同グループは、深層水に含まれる豊富なミネラルが体内にどのような効果
をもたらすかを調べるため、介護老人施設「上の加江」(清岡雅子施設長・52人、高岡郡中土佐町)の入居者の協力を得て研究を行った。対象となった70歳から85歳までのお年寄り35人には3月から8カ月間、日常の食事と飲用に市販の室戸海洋深層水飲料を使用し、水道水を極限まで排除した。
今回発表するのはこのうちの3月から5月まで3カ月間の検査データで、それによると免疫力を示す数値(図1)が、使用前は平均1・8ポイントだったものが3カ月後には2・1ポイント以上に上がっていた。このことは免疫力が高まっていることを示しており、相良院長は「加齢とともに免疫力は下がっていくものだが、深層水飲料を使うことで免疫力が高まっている。これはがん細胞ができにくい状態を作っているということだ」と言う。

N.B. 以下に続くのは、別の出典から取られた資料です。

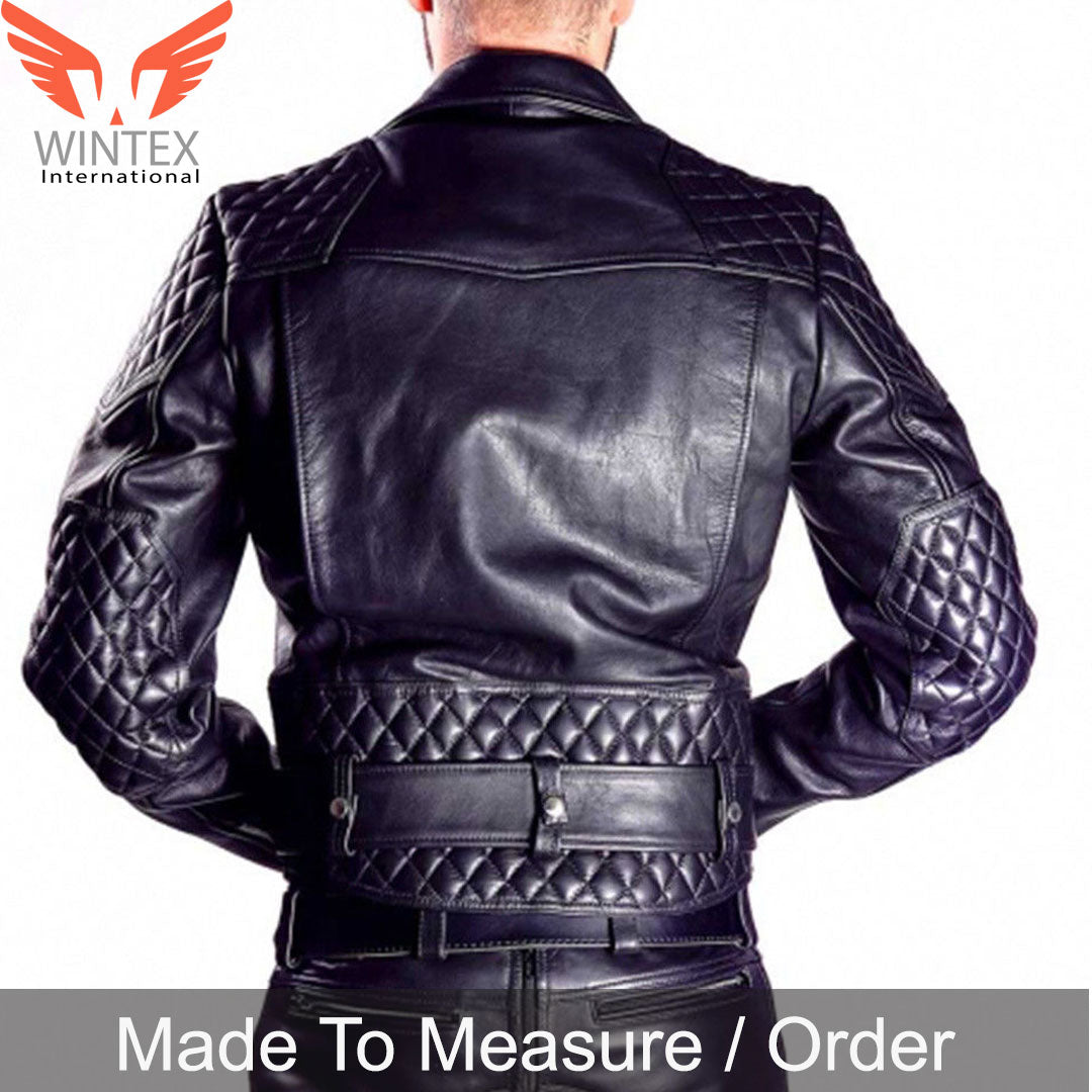Men’s Real Leather Bikers Quilted Panels Jacket:
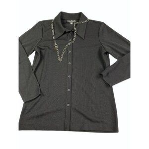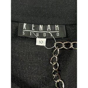 Vtg Kenar Studio Womens Size 10 Black Button Front Blouse Top with Necklace New
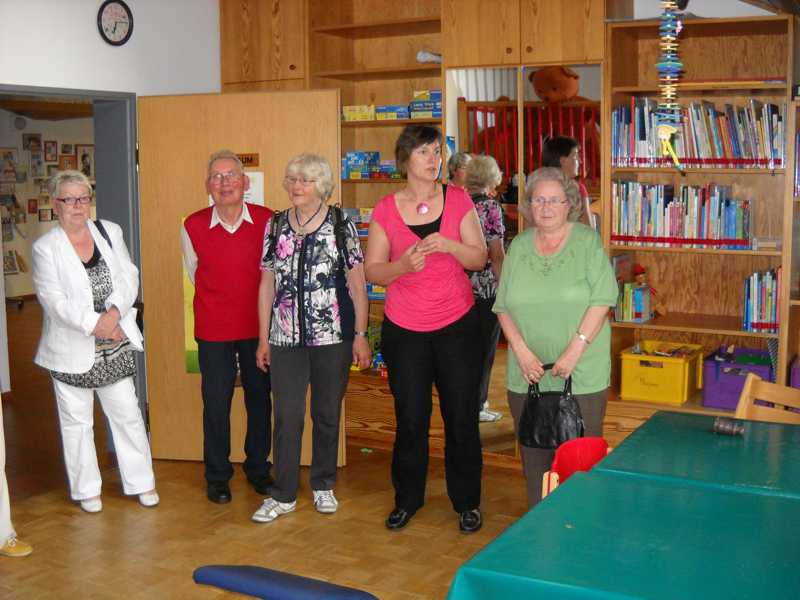 Bei dem Rundgang durch das Haus war auch diese Gruppe beeindruckt von der wohltuenden Atmosphäre des Hauses und der Einrichtung, der durchdachten Konzeption. Die Gruppe erfuhr vieles, über das schon in den Vorjahren berichtet wurde. In diesem Jahr berührte ganz besonders die vielfältige Nutzung des Seminarraumes, der mit seiner Dachbalkenkonstruktion an die Sonnenstrahlen erinnert. Ein Raum mit Wohlfühlatmosphäre, ganz nach Bedarf gestaltbar.
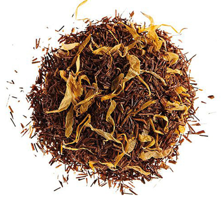 Ingrédients : Rooibos bio, arôme naturel d'orange bio, pétales de souci bio, arôme naturel de fraise. Peut contenir des traces de fruits à coque (amandes, noisettes) de lait et de soja.
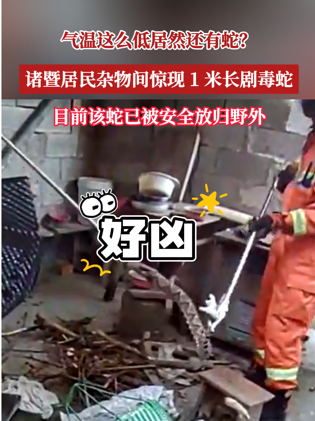 近日,诸暨暨南街道群众报警称家中发现大蛇,民警联合消防救援大队5分钟不到将蛇成功“逮捕”,目前该蛇已被安全放归野外。

また血液の流れを見るために上腸間膜動脈血流を調べたところ(図2)使用前は1分間に平均650ミリリットルだった血流量
が3カ月後は825ミリリットルに増加し、腸の中の流れがサラサラになっていることが分かった。これは脳血栓や心筋梗塞(こうそく)の防止につながる。さらに血清鉄量
(図3)も増えており、深層水の中にある鉄分を取り込むことで老人性貧血の改善につながっていることが分かった。
相良院長は「深層水飲料水を長期間飲むことで、お年寄りのQOL(生活の質)向上に役立つと思う。飲料をやめた場合に数値がどのようになるのかを含め、さらに研究を続けていきたい」と話している。
画期的なこと
白川太郎・京大大学院医学研究科教授(公衆衛生学)の話 可能な限りの深層水飲料で生活したデータはこれまでなかった。その意味で画期的なことだ。血液の粘性の改善が図られたということは、薬とかライフスタイルを変えなくても深層水飲料を飲むことで改善が行える可能性を示す。今後大規模な試験が必要だが、医療としてのインパクトは大きい。